Source data:
┌──
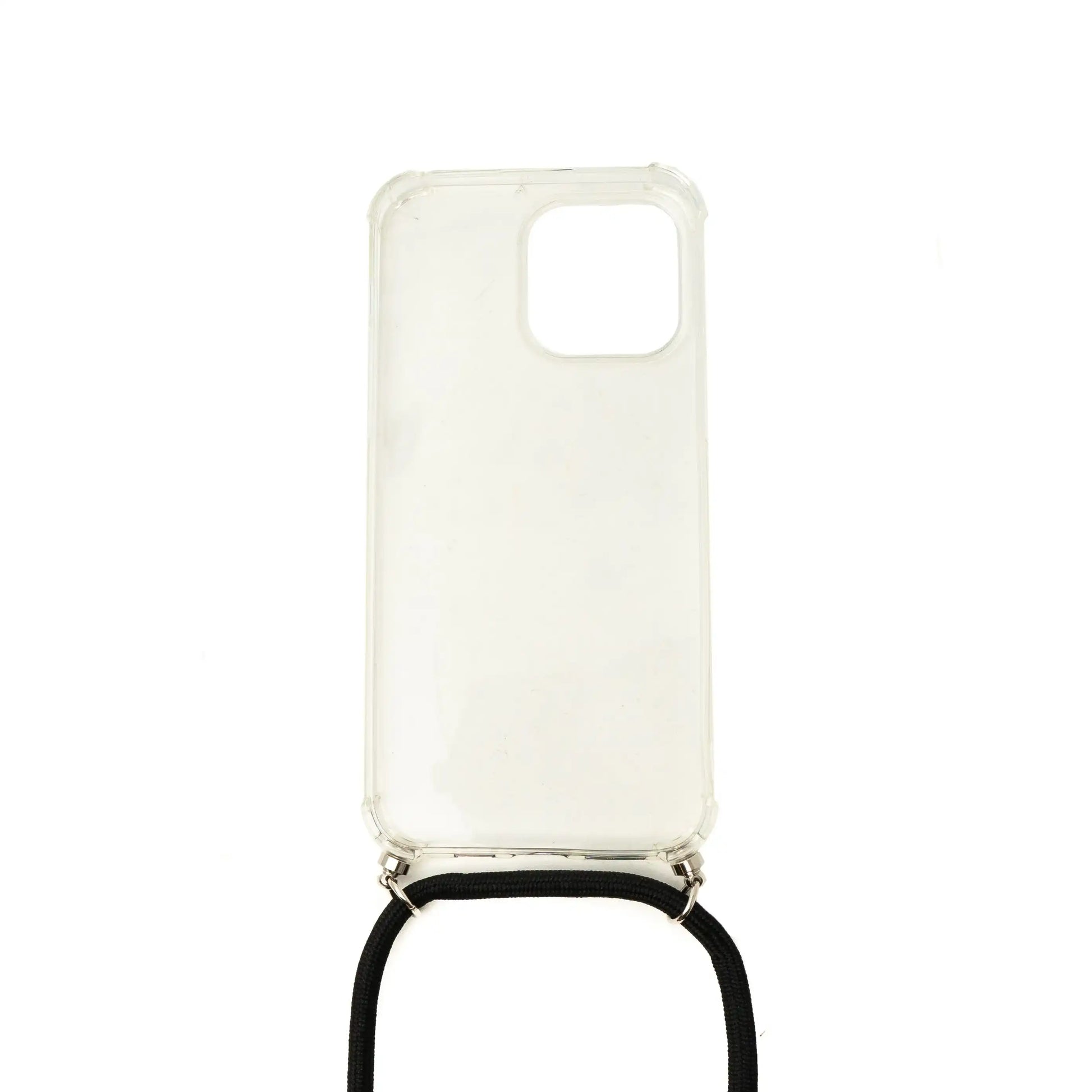 - Einstellbares schwarzes Halsband für komfortables Tragen des Smartphones um den Hals.
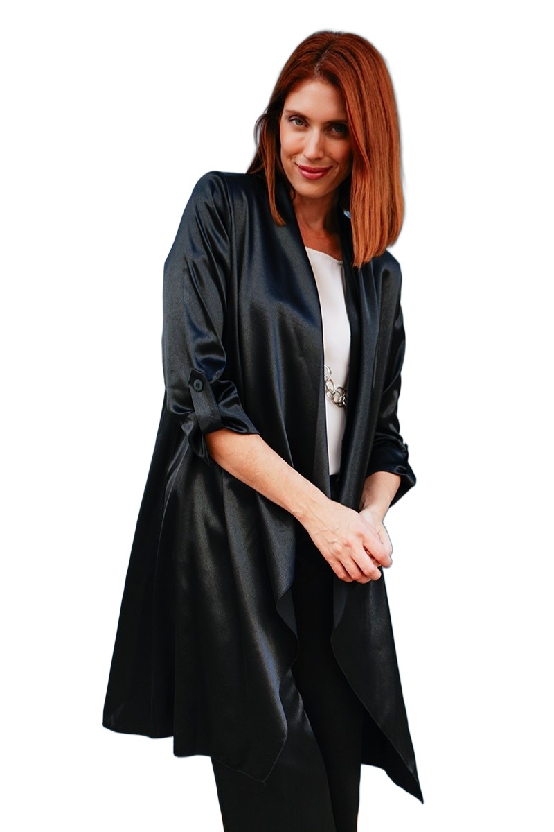 Adoptez un style élégant et fluide avec cette veste longue noire en satin, entièrement fabriquée en France. Sa coupe ouverte légèrement évasée apporte du mouvement et sublime toutes les silhouettes.
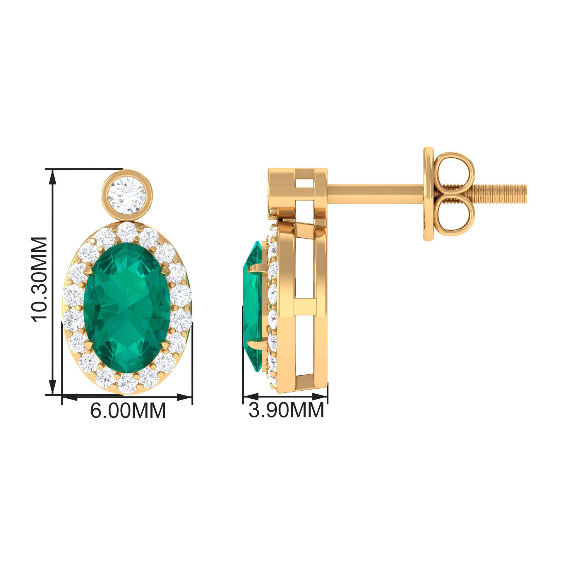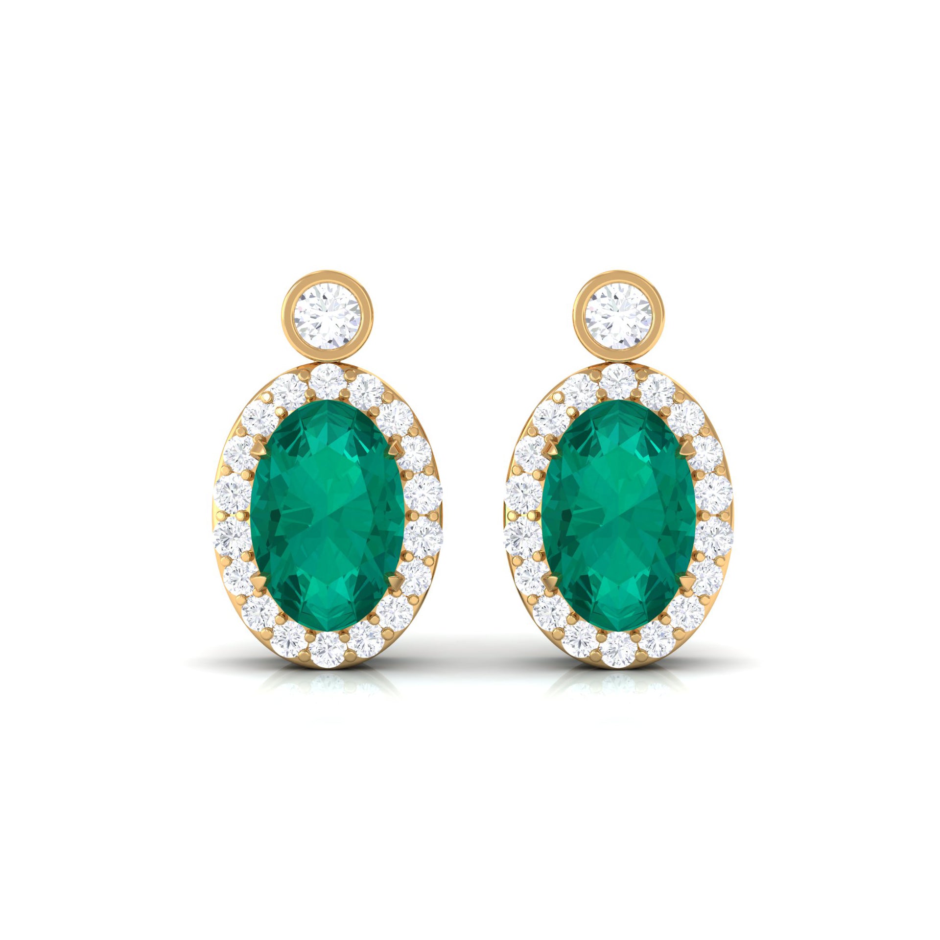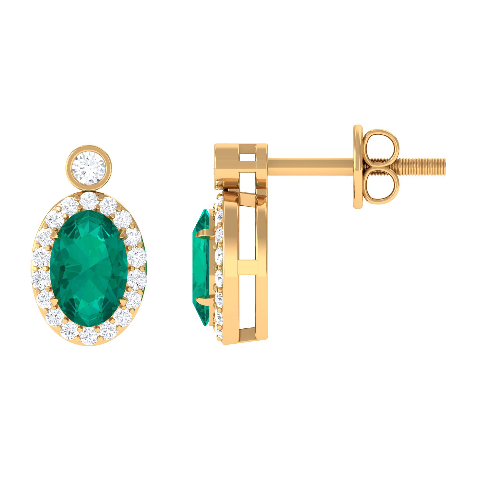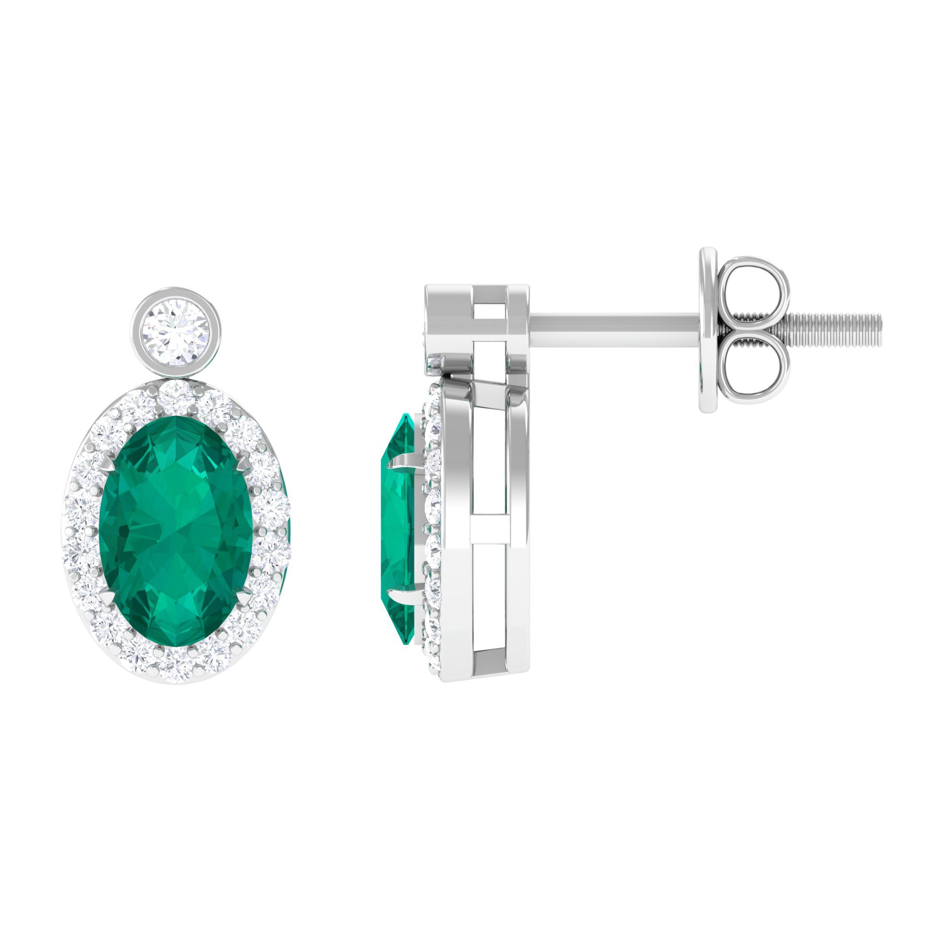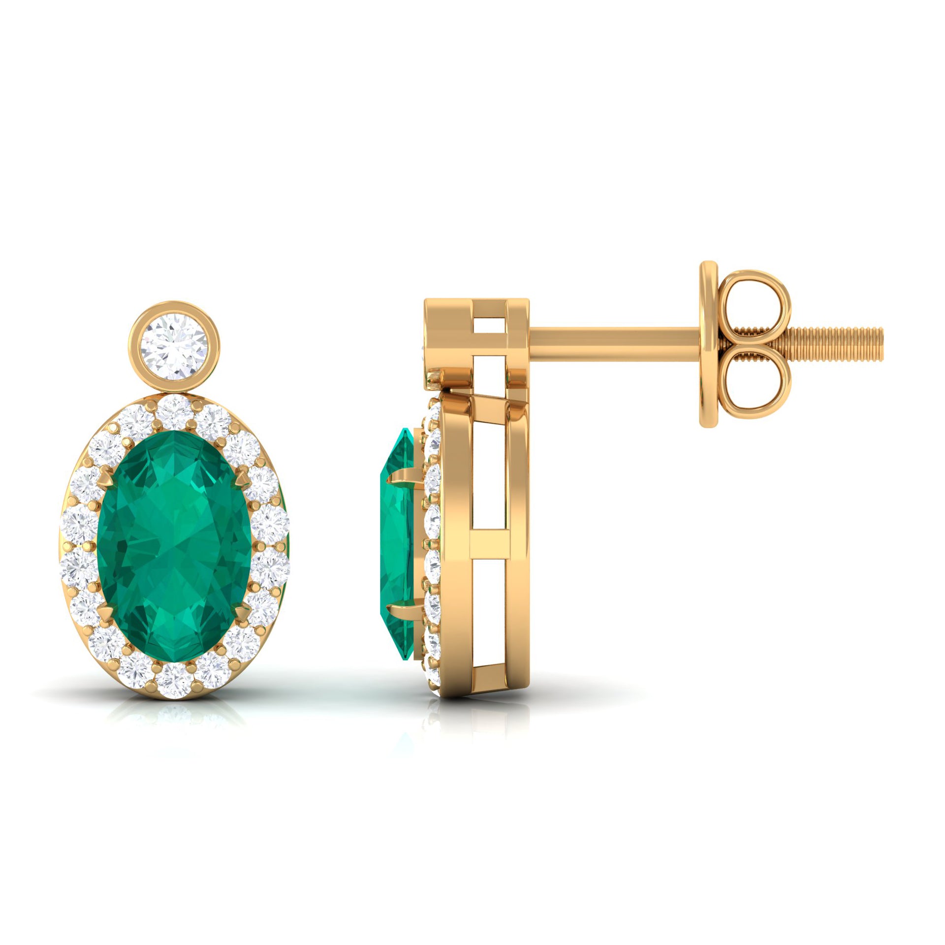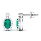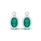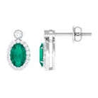Captivating stud earrings with oval emerald gemstones and a halo of dazzling Diamond, add elegance and luxury to any outfit.
└──
Work to complete: Retype only the lines from the line with "Adoptez un style" through the last line of the data. Keep both ends and skip the pictures.

Finished task:
 Adoptez un style élégant et fluide avec cette veste longue noire en satin, entièrement fabriquée en France. Sa coupe ouverte légèrement évasée apporte du mouvement et sublime toutes les silhouettes.
Captivating stud earrings with oval emerald gemstones and a halo of dazzling Diamond, add elegance and luxury to any outfit.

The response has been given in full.